Valid Mailing Address Compliance:  A second CAN SPAM Act compliance measure attempted to determine the emails compliance with the requirement that the sender provide his own valid physical mailing address in the body of the email.  The script used a regular expression that could identify any string with the following pattern: a number of any length, followed by one or more spaces, then any valid acronym for an addresses direction (“NE”, “SW”, etc.), followed by another series of spaces of any length, followed by any number of any characters so long as there was no line break, followed by one or more spaces, and ending with a street suffix of some sort (“ave”, “st”, “apt”, etc.) all without any line breaks found within the string.  If a string was found in the body of the email message that matched this description, the address variable was recorded as “1”.  Otherwise it would be “0”.

A sample of fifty emails was used to test the address compliance variable for interrater reliability.  The interrater reliability of this measure was relatively high (Cohen’s kappa = .73, p< .001), indicating that the software and an independent human coder agreed on most of the items.
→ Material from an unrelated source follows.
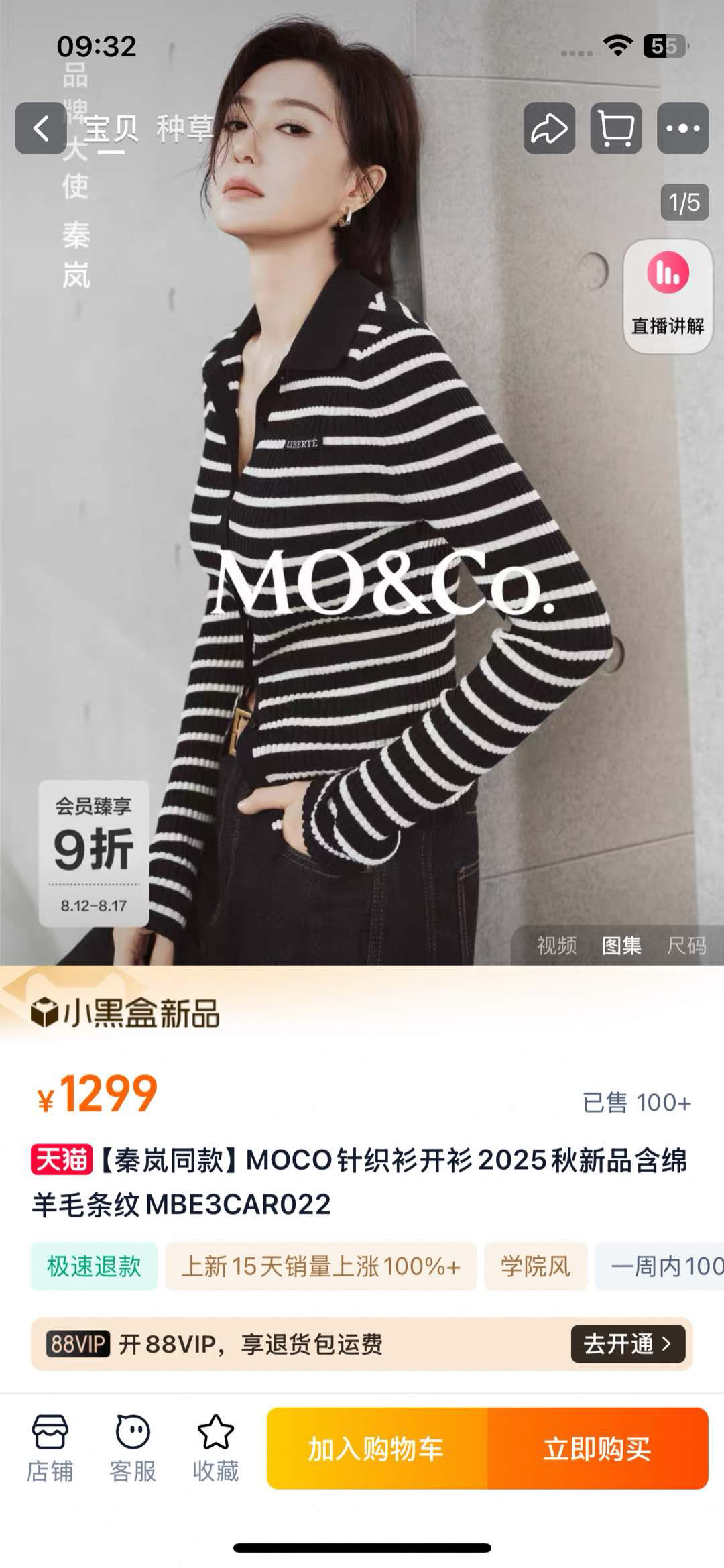 🔺25早秋,秦岚同款moco翻领针织条纹衫

Accurate Subject Heading Compliance:  The CAN SPAM Act requires all commercial email to have a subject heading that is related to the actual content of the email message.  The script identified this level of compliance by checking to see if any word in the subject line was also found in the body of the email message.  First the subject line was recorded by the software.  Then the subject line was stripped of any common words (e.g. “the”, “from”, “and”, “for”).  The remaining words were then exploded into an array (a list).  This list was then compared with each and every word contained within the body of the email.  If one subject word matched any word in the body, compliance was assumed.  Compliance was a true or false variable (“1” being compliance found, “0” being noncompliance assumed).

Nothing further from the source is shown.